Espèce emblématique de la faune locale, l’Œdicnème criard, mieux connu sous le nom de Touroulis, est un curieux oiseau aux yeux et pattes jaunes. Particulièrement discret le jour, – on ne le rencontre qu’à proximité de son nid construit à même le sol –, le Touroulis demeure malgré tout une espèce en danger. En 10 ans, la population, évaluée aujourd’hui à moins de 100 individus, a chuté de 40 %. À cela, plusieurs explications : "la disparition progressive de son habitat (urbanisation, fermeture des causses liée à l’abandon du pastoralisme), l’utilisation des pesticides, la baisse des populations d’insectes dont ils se nourrissent, sans compter les dérangements répétés lors de la nidification", explique la LPO.

Le Pitch

"Le touroulis, est notre fil conducteur, celui qui va nous permettre d’explorer les Causses justement. Ceux du dessus, la faune, la biodiversité et ceux du dessous, si je peux dire, avec ses cavités, ses gourgs, ses rivières souterraines. C’est un voyage sur et sous la surface de la terre."

Le tournage

"J’ai lancé ce projet voilà deux ans, explique le photographe. J’ai depuis enregistré des centaines d’heures de rush que je vais traiter dans les prochains mois. Le touroulis est un oiseau très discret qui demande de très longues approches qui ne sont malheureusement pas tout le temps couronnées de succès. C’est un long travail, fastidieux mais qui m’apporte énormément de joie. Je ne me plains pas, je suis d’ailleurs incapable de passer plus de deux heures chez moi."

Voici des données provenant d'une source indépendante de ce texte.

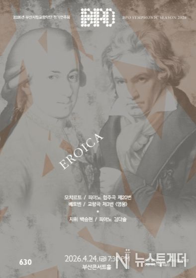 뉴스투게더 김인숙 기자 | 부산시립교향악단이 오는 4월 24일 오후 7시 30분, 부산콘서트홀에서 제630회 정기연주회 '에로이카(EROICA)'를 개최한다. 이번 공연은 고전주의의 균형에서 출발해 낭만주의의 확장으로 나아가는 흐름 속에서, 불안과 긴장을 넘어서는 인간의 의지를 조명하는 무대로 마련된다.
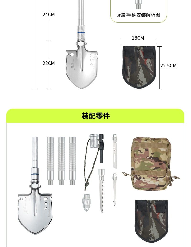 Tactical Shovel for Survival in the Wild, Military Shovel Made of Manganese Steel, Durable Outdoor Military Shovel, Multifunctional Fishing Shovel
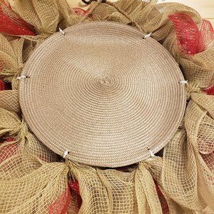 New - Hand Crafted Khaki and Red Deco Mesh Wreath
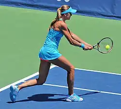Daniela Hantuchová (Slovak pronunciation: [ˈdaɲɪela ˈɦantuxɔʋaː]; born 23 April 1983) is a Slovak tennis commentator and retired player. She turned professional in 1999 and had her breakthrough year in 2002, when she won her first WTA Tour title at the Indian Wells Open, defeating Martina Hingis in the final and becoming the lowest-ranked player to ever win the tournament. She also reached the quarterfinals of that year's Wimbledon Championships and US Open, ending the year in the top ten. She was part of the Slovak team that won the 2002 Fed Cup and the 2005 Hopman Cup.
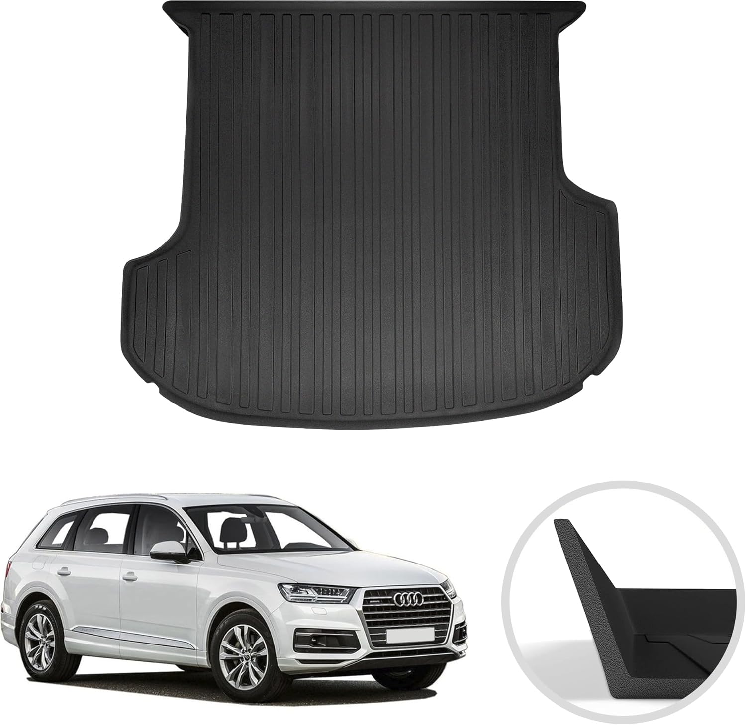 - Perfect Fit For Audi Q7- TrunkNets Inc SUV trunk mat was specially designed for Audi Q7 (2018-2025), no need to measure the trunk size and cut off extra lines, it perfectly fits the size of your trunk. Just place the mat into the trunk or easily take it off when needed, no additional tools are required!
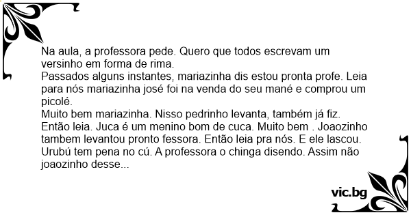 Urubú tem pena no cú. A professora o chinga disendo. Assim não joaozinho desse jeito não fiса bem. Ele imediatamente refez o texto e falou pronto fessora. Então leia. E o joão urubú tem pena no pé, não tem no cú porque a professora não qué.
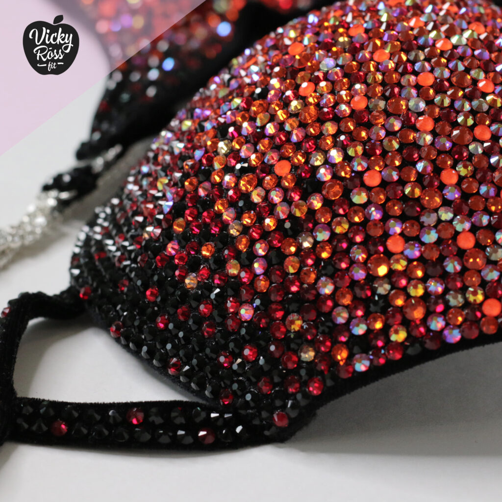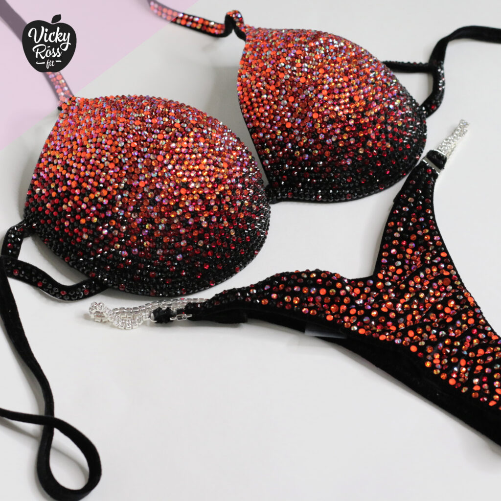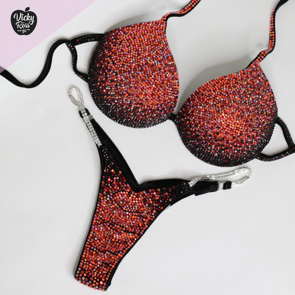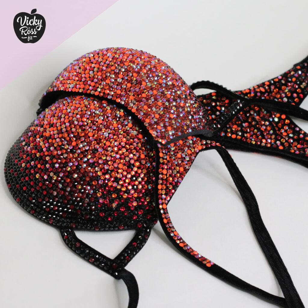 At Vicky Ross Fit we all things considered accept Fully Custom Made Suit Orders! Use “Request Custom Order” button placed under the product image to process your order and we will get back with you within 24 hours by sending you an email asking to provide all needed measurements and directions on how to process your custom order. Custom made crystal bikini can be made in any desired fabric (nylon, velvet, holographic), color and size. At Vicky Ross Fit you have the opportunity to become a designer yourself and build a suit from your inspiration!
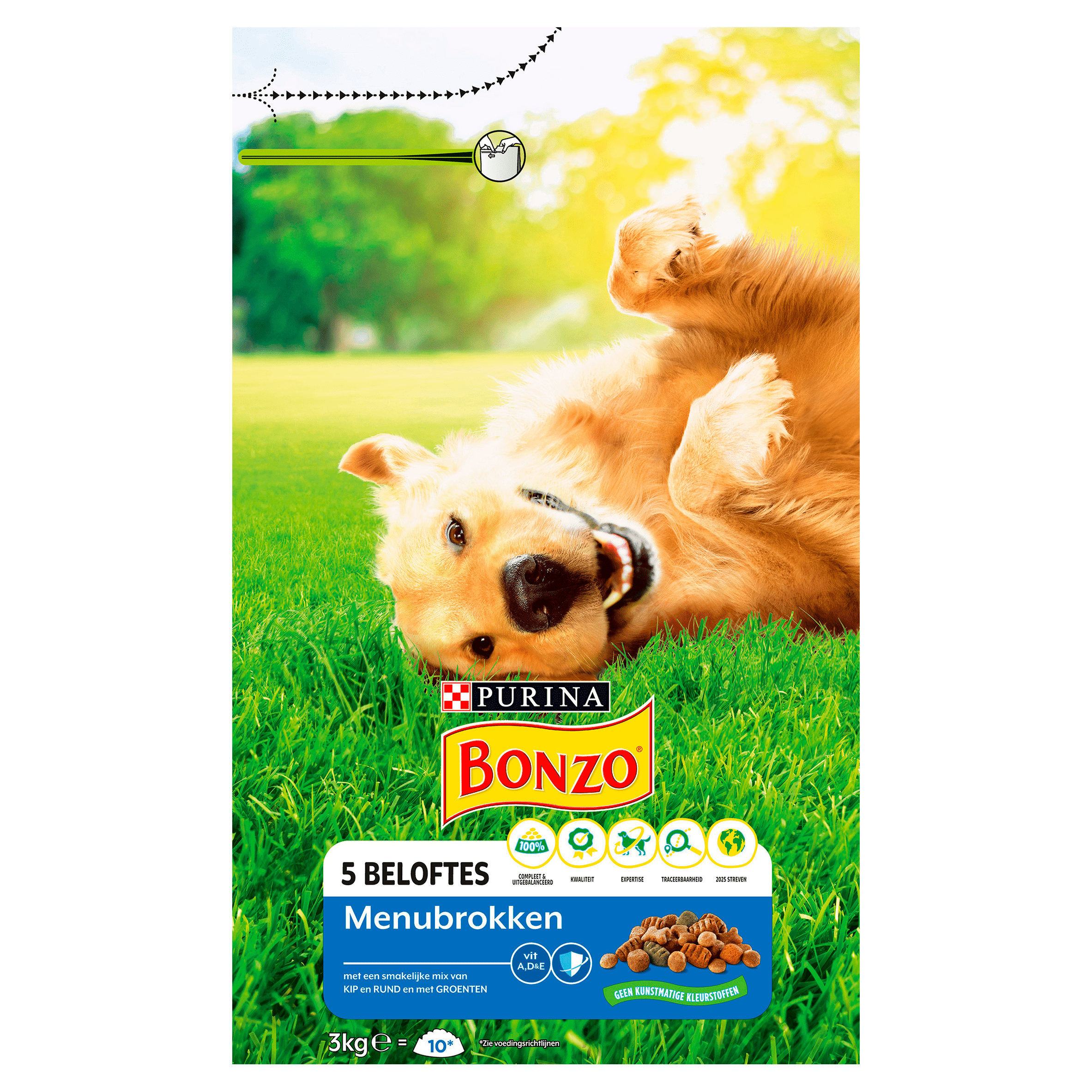 PURINA® Bonzo® Adult menubrokken hondenvoer met kip is een hoogwaardige voeding vol essentiële voedingsstoffen en eiwitten die jouw hond helpen om gezond en gelukkig te blijven. Dit volledige diervoeder ondersteunt de natuurlijke afweer van je viervoeter en bevordert een glanzende vacht, gezonde huid en stevige ontlasting. Zorg ervoor dat je hond altijd vers drinkwater heeft en pas de dagelijkse porties aan op basis van zijn gewicht voor een ideaal lichaamsgewicht.
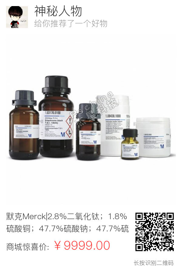 默克Merck|2.8%二氧化钛;1.8%硫酸铜;47.7%硫酸钠;47.7%硫酸钾|3.5g /片(250片)|1.18348.0250|ME1183480250|
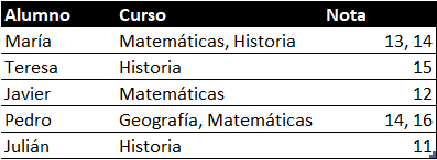 Esta tabla a la que llamo «pésima tabla» no sirve para analizar. Es un excelente ejemplo de un muy mal diseño. Si bien la información que contiene es la misma que la de la tabla anterior, el modelado está mal hecho. El primer registro tiene «DOS datos» en la columna Curso (i.e. consigna dos nombres de curso donde solo debería aparecer uno: «Matemáticas» e «Historia»). Lo mismo sucede en la columna «Nota». Hay dos notas en algunos registros. Esto causará, por ejemplo, que la columna «Nota» no pueda ser tipo número (sino tipo texto) y, por ello, no podría calcularse la nota promedio, por ejemplo. Qué sucedería, además, si en lugar de 2 cursos, se ponen 3, o 5, o 10 en una sola fila. Se vuelve inmanejable.
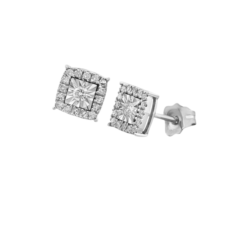 עגילי יהלומים | צמודים משובצים מרובעים | משובץ סה"כ 0.19 | זהב לבן 14 קראט | דגם שיר
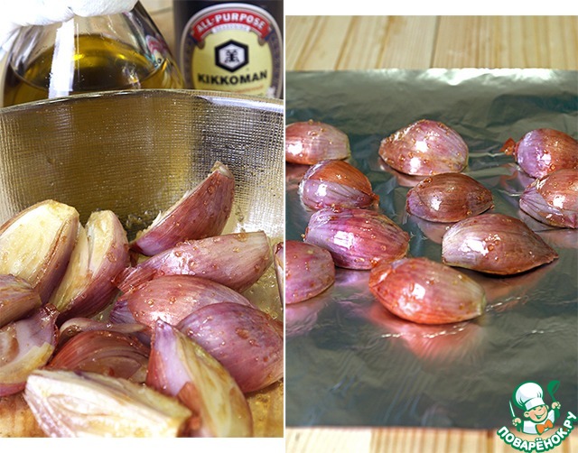 Лук избавляем от корешков, по необходимости очищаем от шкурки, но обязательно часть оставляем!!! Смешиваем с маслом, сахаром и соевым соусом (тут на самом деле количество по вкусу, а можно еще и специями какими-то присыпать), за тем выкладываем вверх шкуркой.
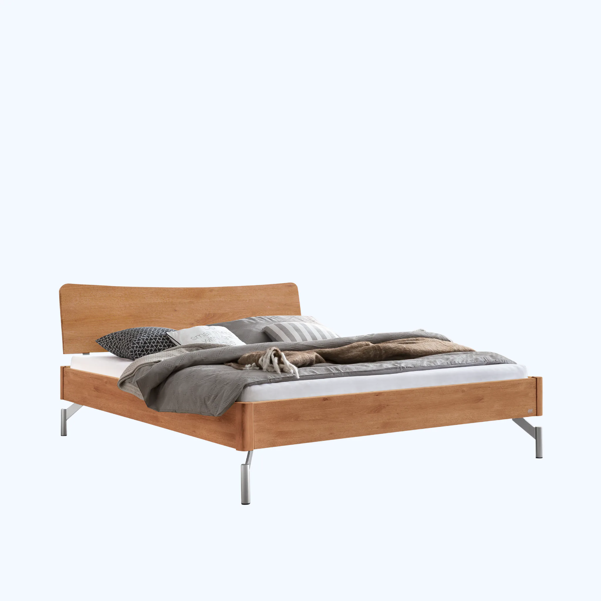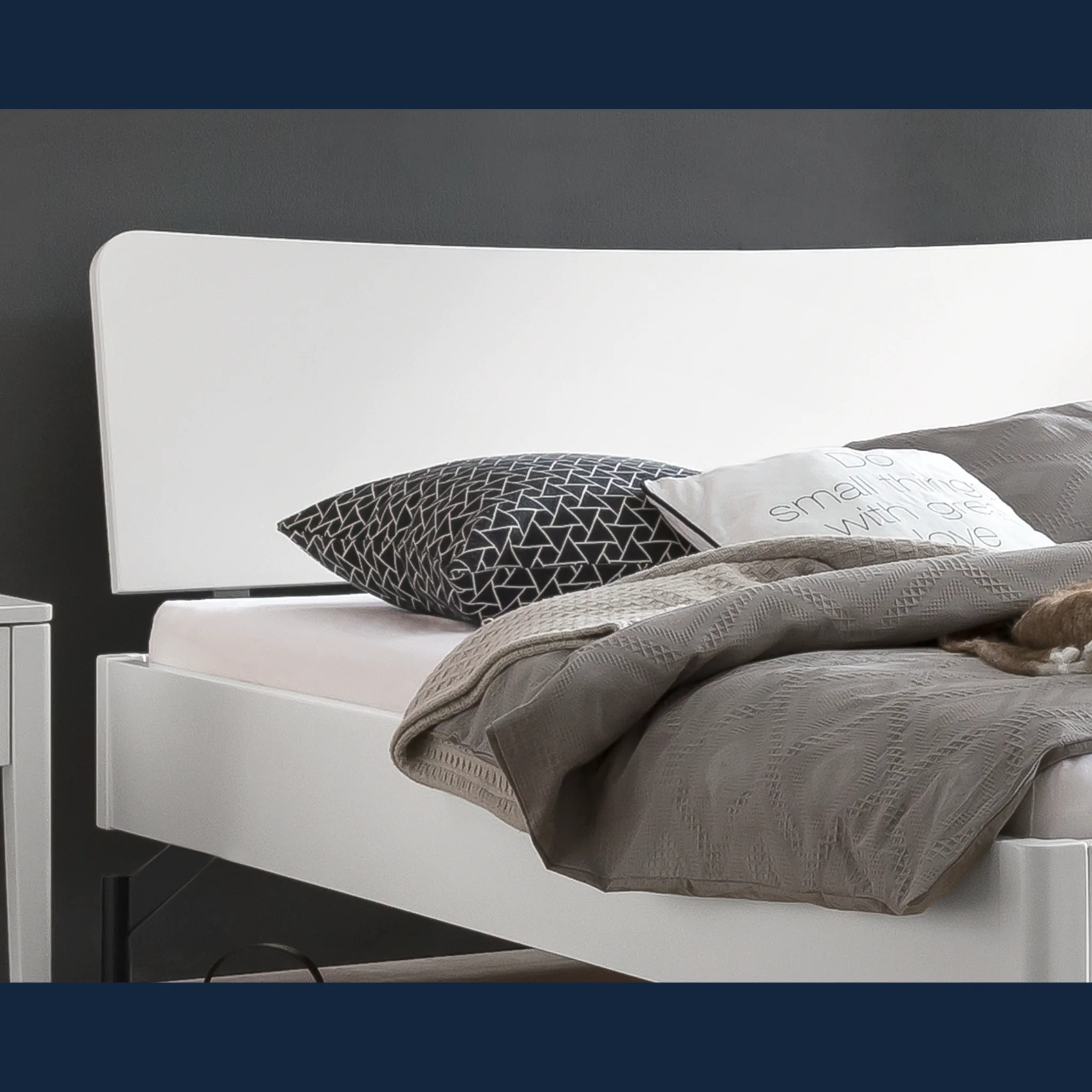 Hasena Albinia puristisches Massivholzbett mit sanft geschwungenem Holz-Kopfteil und Metallfüßen; Einlegetiefe 18 cm. Erhältlich in 12 Größen und 5 Farben.
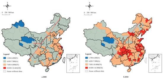 According to the United Nations, the age structure of a country or region is young when its aging population ratio is less than 4%; when the aging rate exceeds 7%, the country or region enters the aging stage [67]. To more intuitively reflect the spatial distribution and evolution model of China’s population aging, this paper also draws on the division of population aging measurement criteria proposed by Xu et al. and divides the population age structure into six types. If the aging population ratio is below 4%, the area corresponds to young (Y); between 4% and 7%, the area is adult (A); between 7% and 10%, the area is early-aged (O1); and above 10%, the area is late-aged (O2) [38]. Referring to this standard, a spatial distribution map of China’s population aging from 2000 (Figure 3a) to 2010 (Figure 3b) is drawn.

Côté calendrier, Touroulis, dont la sortie était initialement prévue dans le courant de l’année 2020, pourrait n’être diffusé qu’en 2021. "Le Covid a chamboulé beaucoup de choses et j’attends encore de capter quelques images avant de lancer la post-production."

Patience

Si la patience est le maître mot de ce travail, la solitude va avec : "Je travaillais avec des amis au tout début, mais plus personne ne veut m’accompagner, plaisante le cameraman. La raison : "Je peux passer 4 heures à attendre sans que rien ne se passe. Tout le monde n’a pas cette patience."

Un précurseur

Dans le petit village de Salles-la-source, il est connu comme le loup blanc. Et pour cause. Employé communal, Denis Poracchia a été un des premiers photographes à explorer l’élément liquide. C’était il y a 25 ans : "À cette époque, la prise de vue sous-marine était réservée à quelques-uns… Le matériel était encore très rare, donc hors de prix. Je me souviens avoir fabriqué mon caisson étanche en plexiglas. Avec un robinet et une fourchette pour dérouler la pellicule. C’était une autre époque."